==== Supplied records

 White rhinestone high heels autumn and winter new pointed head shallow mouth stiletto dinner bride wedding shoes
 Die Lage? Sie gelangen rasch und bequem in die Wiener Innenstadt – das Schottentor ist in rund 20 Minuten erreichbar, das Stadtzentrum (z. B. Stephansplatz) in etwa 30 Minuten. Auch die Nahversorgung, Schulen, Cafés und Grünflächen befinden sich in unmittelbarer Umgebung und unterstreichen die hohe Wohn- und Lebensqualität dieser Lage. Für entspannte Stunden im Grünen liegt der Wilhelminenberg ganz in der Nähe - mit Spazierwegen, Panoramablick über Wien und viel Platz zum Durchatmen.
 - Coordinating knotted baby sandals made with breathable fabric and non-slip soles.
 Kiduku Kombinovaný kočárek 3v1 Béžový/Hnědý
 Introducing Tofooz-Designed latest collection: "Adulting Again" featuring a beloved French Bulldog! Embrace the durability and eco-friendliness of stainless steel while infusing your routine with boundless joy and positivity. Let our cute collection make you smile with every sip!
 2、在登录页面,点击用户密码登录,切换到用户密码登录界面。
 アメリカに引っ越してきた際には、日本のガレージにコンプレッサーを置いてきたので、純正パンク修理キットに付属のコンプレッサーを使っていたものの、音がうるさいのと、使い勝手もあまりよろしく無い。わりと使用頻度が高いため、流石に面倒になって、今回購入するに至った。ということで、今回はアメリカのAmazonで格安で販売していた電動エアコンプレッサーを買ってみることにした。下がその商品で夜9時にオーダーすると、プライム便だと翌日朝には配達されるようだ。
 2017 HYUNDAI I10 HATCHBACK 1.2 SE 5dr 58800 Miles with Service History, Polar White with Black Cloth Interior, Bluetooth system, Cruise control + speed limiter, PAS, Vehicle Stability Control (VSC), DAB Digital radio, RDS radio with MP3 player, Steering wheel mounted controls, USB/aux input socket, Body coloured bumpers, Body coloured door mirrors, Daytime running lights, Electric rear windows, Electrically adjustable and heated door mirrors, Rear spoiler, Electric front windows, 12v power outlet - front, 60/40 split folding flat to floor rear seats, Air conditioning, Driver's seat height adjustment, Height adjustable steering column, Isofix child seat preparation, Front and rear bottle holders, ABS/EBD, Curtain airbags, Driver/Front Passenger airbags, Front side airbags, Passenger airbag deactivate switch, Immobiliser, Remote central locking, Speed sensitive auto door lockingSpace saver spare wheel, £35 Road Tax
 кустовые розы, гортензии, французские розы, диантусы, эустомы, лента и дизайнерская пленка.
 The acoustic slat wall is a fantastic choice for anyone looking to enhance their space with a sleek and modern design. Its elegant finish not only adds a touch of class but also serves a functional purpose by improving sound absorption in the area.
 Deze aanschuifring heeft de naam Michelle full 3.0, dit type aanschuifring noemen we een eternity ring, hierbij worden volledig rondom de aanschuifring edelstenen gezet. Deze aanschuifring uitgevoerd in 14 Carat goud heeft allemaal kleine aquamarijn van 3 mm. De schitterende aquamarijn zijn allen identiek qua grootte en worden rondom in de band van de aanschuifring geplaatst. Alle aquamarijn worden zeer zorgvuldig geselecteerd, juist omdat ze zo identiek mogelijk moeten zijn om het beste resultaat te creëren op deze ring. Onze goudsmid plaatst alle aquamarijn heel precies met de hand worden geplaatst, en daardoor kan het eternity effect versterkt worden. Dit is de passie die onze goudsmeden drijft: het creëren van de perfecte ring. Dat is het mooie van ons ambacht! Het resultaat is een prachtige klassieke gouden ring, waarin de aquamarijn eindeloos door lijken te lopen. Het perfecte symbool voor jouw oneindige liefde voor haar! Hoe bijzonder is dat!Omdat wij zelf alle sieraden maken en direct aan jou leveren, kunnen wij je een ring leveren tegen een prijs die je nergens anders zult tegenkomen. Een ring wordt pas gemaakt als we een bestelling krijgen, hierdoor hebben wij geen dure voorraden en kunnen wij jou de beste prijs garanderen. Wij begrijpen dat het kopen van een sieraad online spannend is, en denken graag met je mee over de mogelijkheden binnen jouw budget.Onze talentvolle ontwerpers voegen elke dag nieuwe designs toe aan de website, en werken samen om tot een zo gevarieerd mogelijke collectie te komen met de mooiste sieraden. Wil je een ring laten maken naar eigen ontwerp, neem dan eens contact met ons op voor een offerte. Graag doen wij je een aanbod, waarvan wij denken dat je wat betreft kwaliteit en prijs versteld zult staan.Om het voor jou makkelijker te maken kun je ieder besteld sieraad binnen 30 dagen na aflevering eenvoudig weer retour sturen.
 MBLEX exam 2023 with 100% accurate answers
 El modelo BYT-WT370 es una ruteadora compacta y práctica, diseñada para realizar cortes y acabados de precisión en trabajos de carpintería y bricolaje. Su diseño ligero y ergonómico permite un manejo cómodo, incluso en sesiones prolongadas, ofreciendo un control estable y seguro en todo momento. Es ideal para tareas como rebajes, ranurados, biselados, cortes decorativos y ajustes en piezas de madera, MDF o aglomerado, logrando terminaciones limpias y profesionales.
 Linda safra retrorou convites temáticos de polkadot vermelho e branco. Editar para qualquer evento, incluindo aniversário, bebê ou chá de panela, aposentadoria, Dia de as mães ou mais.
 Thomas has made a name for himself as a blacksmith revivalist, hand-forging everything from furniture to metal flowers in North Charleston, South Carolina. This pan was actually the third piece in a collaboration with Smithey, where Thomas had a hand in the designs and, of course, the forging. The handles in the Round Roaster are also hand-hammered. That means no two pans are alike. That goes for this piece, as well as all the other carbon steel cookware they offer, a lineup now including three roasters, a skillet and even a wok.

========

• _Work order_: Write only the number of lines above in which the word "also" is found.

• _Output_: 2